In this case, in this region, even if the amount of intake air is large and the internal EGR is relatively large, it not only has almost no effect on combustibility, but conversely, the pumping loss of the engine is reduced by this large amount of internal EGR introduced. This is an advantage. In other words, the ratio of the amount of fresh air (that is, the amount of intake air introduced while being throttled through the downstream throttle valve 9) to the total intake air amount to the combustion chamber 2 decreases by the amount of internal EGR, and the engine pumping level decreases accordingly. This results in a reduction in gross, which in turn contributes to improving the fuel efficiency of the engine.

The effect of reducing the pumping loss by introducing internal EGR is further increased by introducing exhaust gas directly into the combustion chamber 2 from the exhaust boat side as in this embodiment. That is, the combustion chamber 2 is directly used as internal EGR.
The temperature of the exhaust gas introduced into the exhaust gas can be maintained at a higher temperature than, for example, when the exhaust gas is introduced from the exhaust pipe side through a dedicated passage. In this way, when high-temperature exhaust gas is introduced into the combustion chamber 2 as internal EGR, the temperature inside the combustion chamber 2 becomes high and its internal pressure increases. Therefore, in order to draw intake air into the combustion chamber 2 which has reached such a high pressure, it is necessary to set the opening degree of the downstream throttle valve 9 to be large in advance. Bumping loss due to the throttling action of the throttle valve 9 is further reduced.
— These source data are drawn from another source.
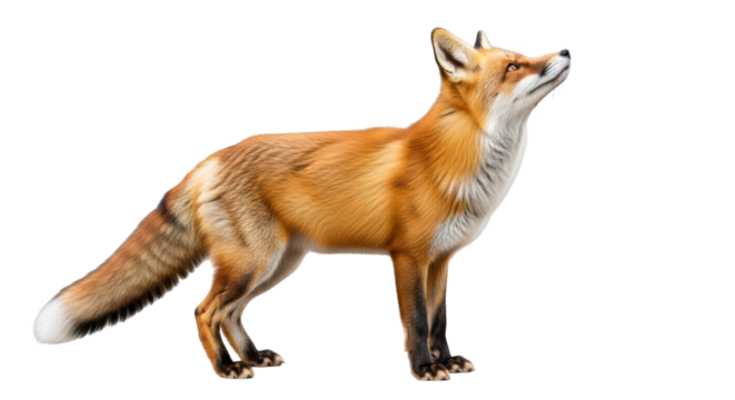 Isolated red fox stands attentively looking up, wild animal with luxurious fur coat
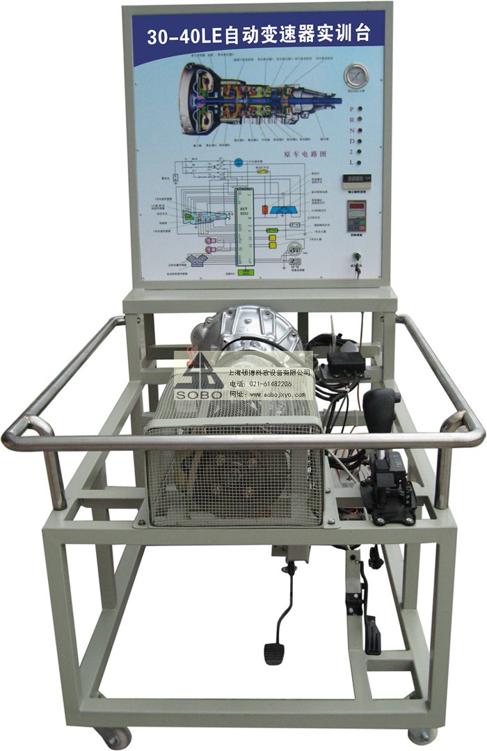 本變速器實訓(xùn)臺是本公司采用豐田后驅(qū)A340E自動變速器為適應(yīng)汽車教學(xué)需求而研制的,該實訓(xùn)臺由電控變速器(八成新)、操作顯示面板及發(fā)動機彩色電氣原理圖電腦控制柜、可移動式臺架(萬向腳輪)、驅(qū)動系統(tǒng)(腳踏式油門踏板)變頻電機驅(qū)動、啟動系統(tǒng)(電門鎖方式啟動)、車速傳感器、電磁閥執(zhí)行器、原車電腦、具有發(fā)動機運轉(zhuǎn)及顯示(轉(zhuǎn)速.車速.檔位)、液壓油壓力顯示表(顯示換檔過程油壓)、自動變速器電磁閥工作指示LED燈、故障設(shè)置區(qū)可設(shè)置12路故障(老師設(shè)置任一路線路故障)、故障排除區(qū)(學(xué)生通過各種儀器、儀表、)在面板上用專用排故線連接排除故障、傳感器信號模擬等多項功能、具結(jié)構(gòu)緊湊、操作方便、安全可靠、教學(xué)直觀、是汽車自動變速器實物教學(xué)不可缺少的實驗室設(shè)備之一。
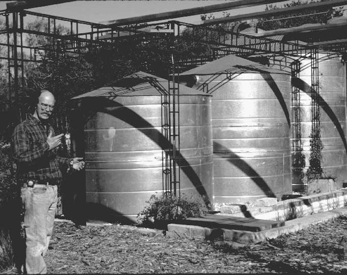 Researcher and EBN Advisory Board member Pliny Fisk in front of cisterns at the Center for Maximum Potential Building Systems in Austin.
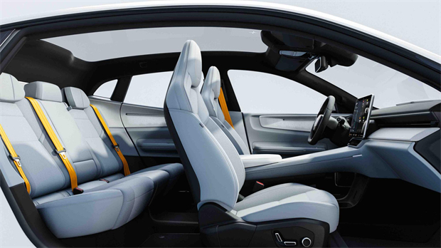 极星4标配的超长全景玻璃天幕可选装EC光感功能,可根据不同的需求在透明与不透明间随意切换。后挡风玻璃采用了进化设计,使玻璃天幕可以一直延伸至后排乘员的头部之后,营造出通透的车内空间。同时,极星4还为后排乘员配备了多媒体和空调控制辅助屏,方便其进行操控。此外,极星4应用了诸多新的内饰材料,包括由100%回收PET定制的Tailored Knit编织面料、MicroTech生物性环保面料及经过动物福利认证的Nappa真皮面料。
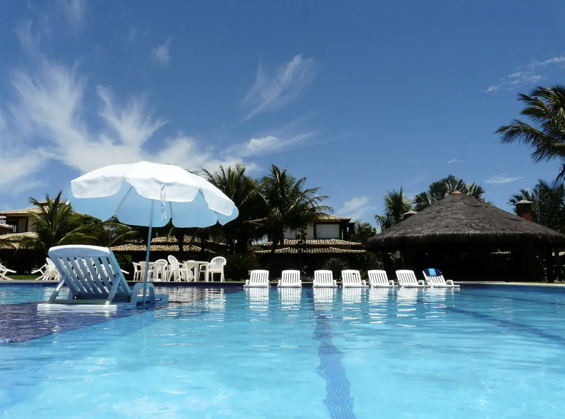 A piscina do condomínio é gigante – a maior de Geribá – e chega a chamar a atenção em fotos aéreas ou mapas com imagens de satélite. Tem bordas molhadas com espreguiçadeiras, raias, área de recreação, jatos de hidromassagem e piscina infantil.
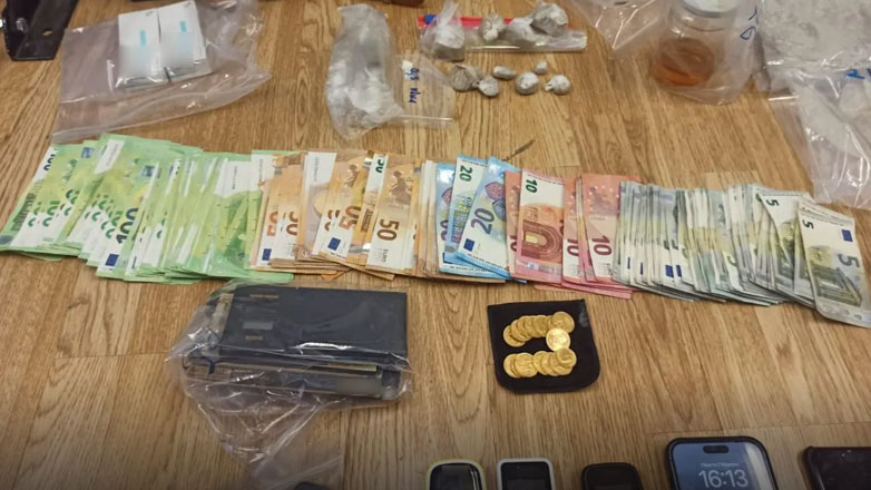 Τα 7.790 ευρώ, οι χρυσές λίρες και τα ναρκωτικά, που κατέσχεσε η Αστυνομία
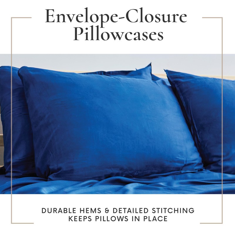 Bamboo Bay Cooling Bamboo Pillowcase 4 Piece Set - Organic 100% Viscose from Bamboo Pillow Cases - Soft, Cool, and Breathable - Premium Envelope Pocket - 20x30 inches (Queen Size, Navy Blue)

In the case of a configuration like this embodiment, as shown in FIG.
In this case, the intake pressure approaches atmospheric pressure and internal EGR decreases, making it possible for the engine to operate at high output.
This provides the advantage that the required output characteristics of the engine can be more closely matched.

Furthermore, although the above embodiments were directed to an intake system equipped with a surge tank, the present invention is not limited to this.
For example, it can be applied to an intake system that does not have a surge tank.

[Brief explanation of the drawing]

Fig. 1 is a system diagram of an intake system of an engine equipped with a throttle valve control means according to an embodiment of the present invention, Fig. 2 is an explanatory diagram of the structure of the link mechanism shown in Fig. 1, and Fig. 3 is a diagram of each throttle valve. Figure 4 shows the intake pressure and internal EG for the accelerator operation amount in the intake system shown in Figure 1.
It is a correlation diagram with R rate. 1... 2... 3... 4... 5... 6... 7... 8... 9. ...... 11... 12... 20... 21... 22.25... 23... 24... 30... ・Engine・Combustion chamber・Intake boat, exhaust boat, independent intake passage, surge tank, main intake passage, upstream throttle valve, downstream throttle valve, valve shaft, valve drive shaft, link mechanism, rotating plate lever, stopper, link bar, accelerator wire No. 1 Figure Engine Combustion Chamber Intake Port Exhaust Port Independent Intake Passage Surge Tank Intake Main Passage Upstream Throttle Valve Downstream Throttle Valve Figure 3: Valve shaft: Valve drive shaft: Link machine 1: Rotating plate; Stopper: Link bar: Accelerator wire Figure 4

Claims (1)

[Scope of Claims] 1. In an engine in which an upstream throttle valve located on the upstream side of intake and a downstream throttle valve located on the downstream side are provided in an intake passage communicating with a combustion chamber of the engine, The throttle valve and the downstream throttle valve are connected to the accelerator operation so that in a low load operating range where the valve opening is small, the opening of the downstream throttle valve is lower than the opening of the upstream throttle valve, A throttle valve control means for an engine, characterized in that the opening of the upstream throttle valve is linked to be lower than the opening of the downstream throttle valve in a high load operating range with a large valve opening. 2. Claim 1, characterized in that the upstream throttle valve is configured to be maintained at a predetermined opening in a low load range.
Throttle valve control means for the engine described.